● Input data:
━━━━━━━━━━━━━━━━━━━━━━━━━━━━━━
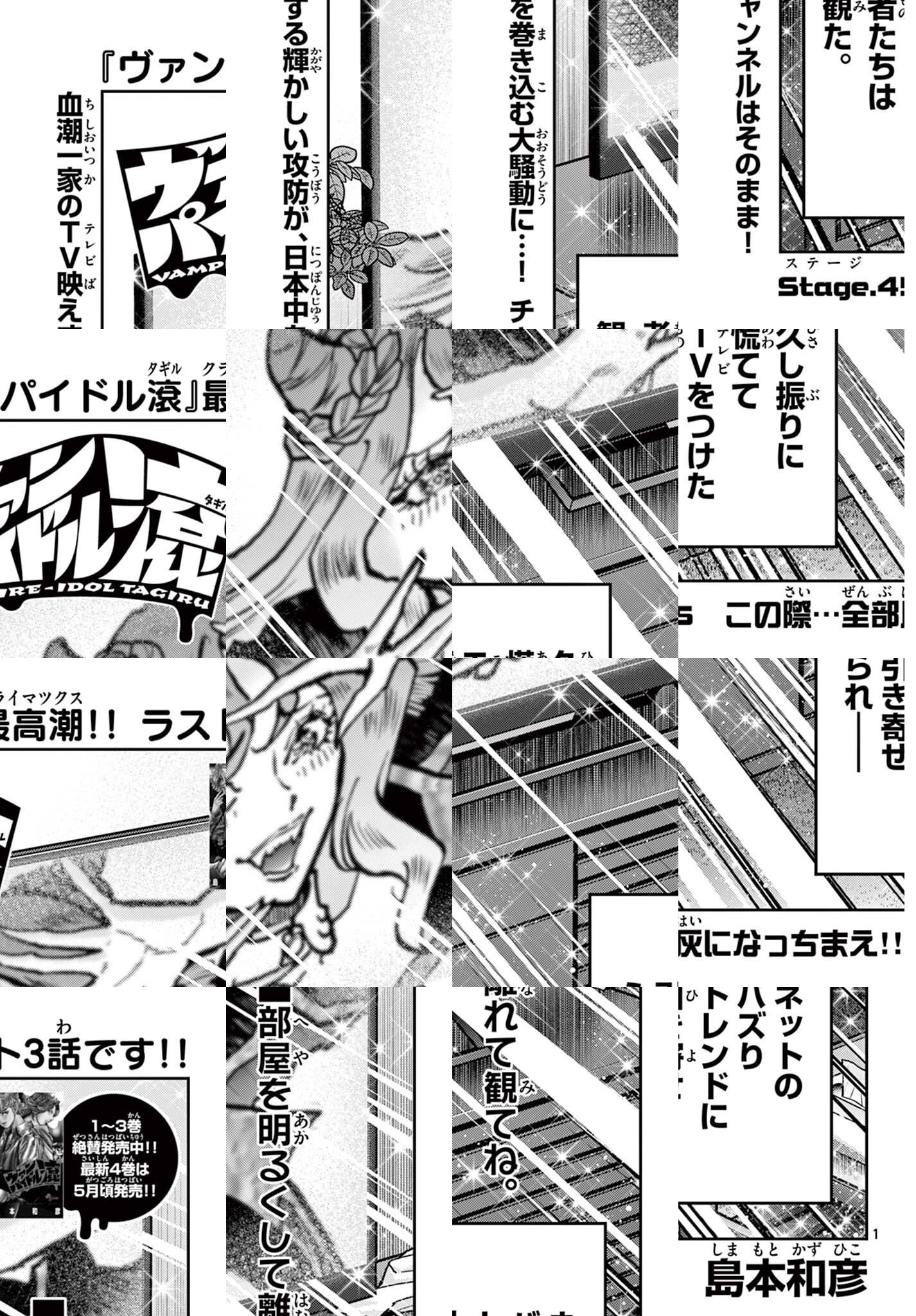 芸能界を蝕む吸血鬼(ヴァンパイア)の闇。 その暗がりを裂くは「本物」の光ーー 東京・池袋の地下に広がるアニメイトシアター。 ここでは主人公・血潮滾の所属するアイドルグループ『バンフレイム』初のワンマンライブが行われていた。 普段通りに軽快なトークを飛ばす滾だったが、ライブ中盤にある異変が――⁉ 熱血漫画家・島本和彦の圧倒的な愛と熱で贈る最新作、いざ開演。
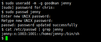 5、chris這個(gè)用戶沒(méi)有附加組sudo的權(quán)限,創(chuàng)建不了用戶。
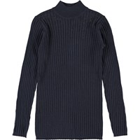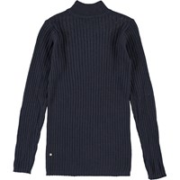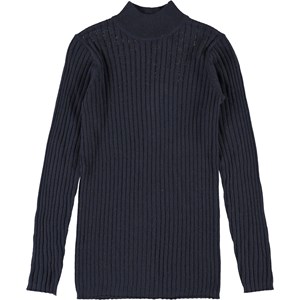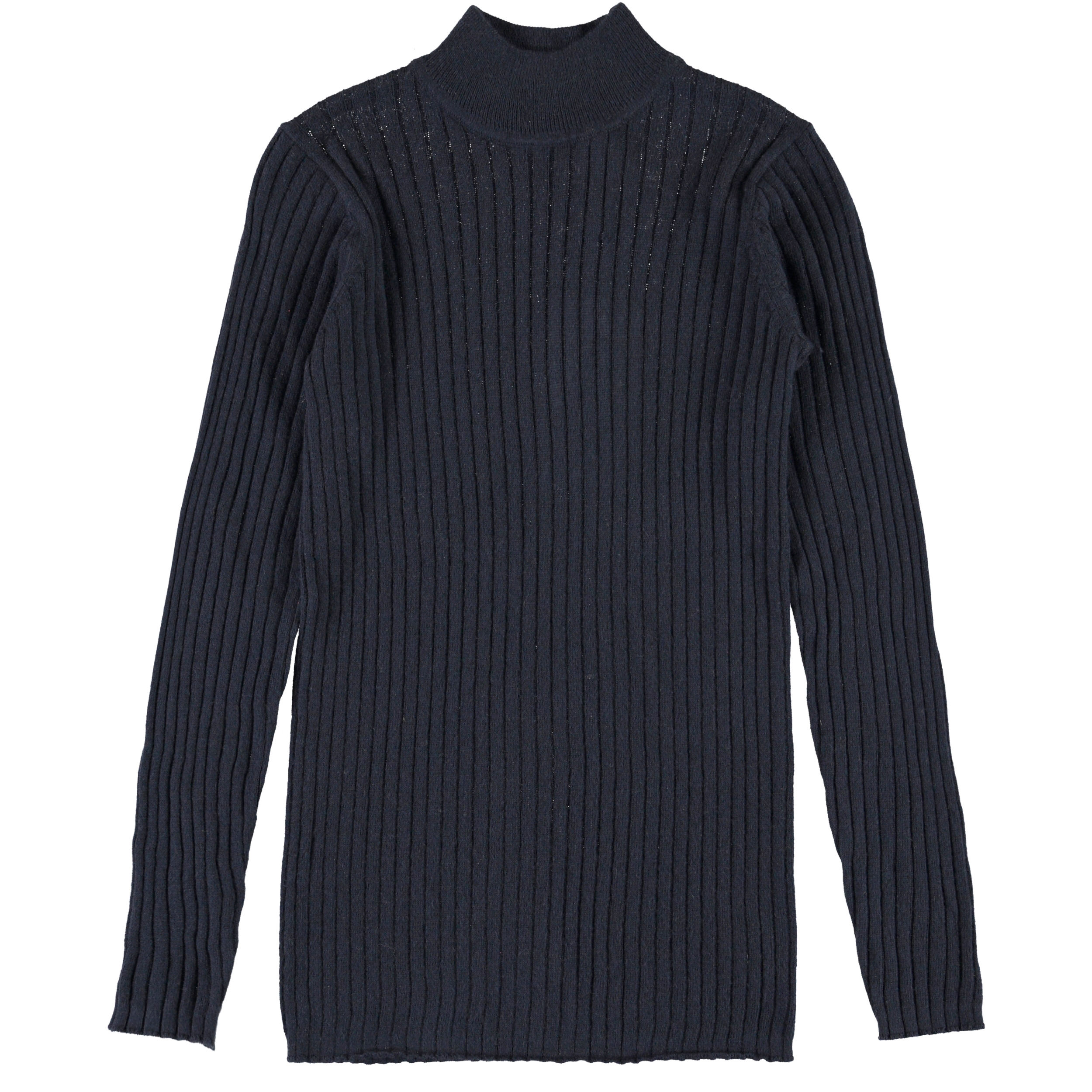 Gitte is een donkerblauwe gebreide trui met een kol.
━━━━━━━━━━━━━━━━━━━━━━━━━━━━━━
● Task to carry out: Your copy should match the data exactly, apart from the images, which are dropped.

● Answer to this exercise:
 芸能界を蝕む吸血鬼(ヴァンパイア)の闇。 その暗がりを裂くは「本物」の光ーー 東京・池袋の地下に広がるアニメイトシアター。 ここでは主人公・血潮滾の所属するアイドルグループ『バンフレイム』初のワンマンライブが行われていた。 普段通りに軽快なトークを飛ばす滾だったが、ライブ中盤にある異変が――⁉ 熱血漫画家・島本和彦の圧倒的な愛と熱で贈る最新作、いざ開演。
 5、chris這個(gè)用戶沒(méi)有附加組sudo的權(quán)限,創(chuàng)建不了用戶。
 Gitte is een donkerblauwe gebreide trui met een kol.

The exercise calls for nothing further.